Stored records:
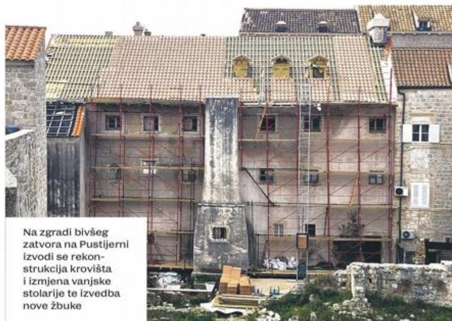
Na zgradi bivšeg zatvora na Pustijerni izvodi se rekonstrukcija krovništva i izmjena vanjske stolarije te izvedba nove žbuke

Ravnateljica ZOD-a: S obzirom na trajanje sezone, nije moguće kompleksne građevinske radove izvoditi samo u periodu izvan nje, posebno znajući koliko je zahtjevna organizacija radova u povijesnoj jezgri
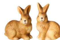
Cod: D 0274 Des: Coniglietti mini seduti Note: 6x4x6
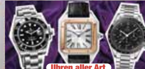
Uhren aller Art

Ihre Vorteile: ✓ kostenlose Beratung ✓ kostenlose Wertschätzung ✓ transparente Abwicklung ✓ Bargeld sofort

PROBLEM - Give the data again exactly as written, with no pictures included.

RESULT -
Na zgradi bivšeg zatvora na Pustijerni izvodi se rekonstrukcija krovništva i izmjena vanjske stolarije te izvedba nove žbuke

Ravnateljica ZOD-a: S obzirom na trajanje sezone, nije moguće kompleksne građevinske radove izvoditi samo u periodu izvan nje, posebno znajući koliko je zahtjevna organizacija radova u povijesnoj jezgri
Cod: D 0274 Des: Coniglietti mini seduti Note: 6x4x6
Uhren aller Art

Ihre Vorteile: ✓ kostenlose Beratung ✓ kostenlose Wertschätzung ✓ transparente Abwicklung ✓ Bargeld sofort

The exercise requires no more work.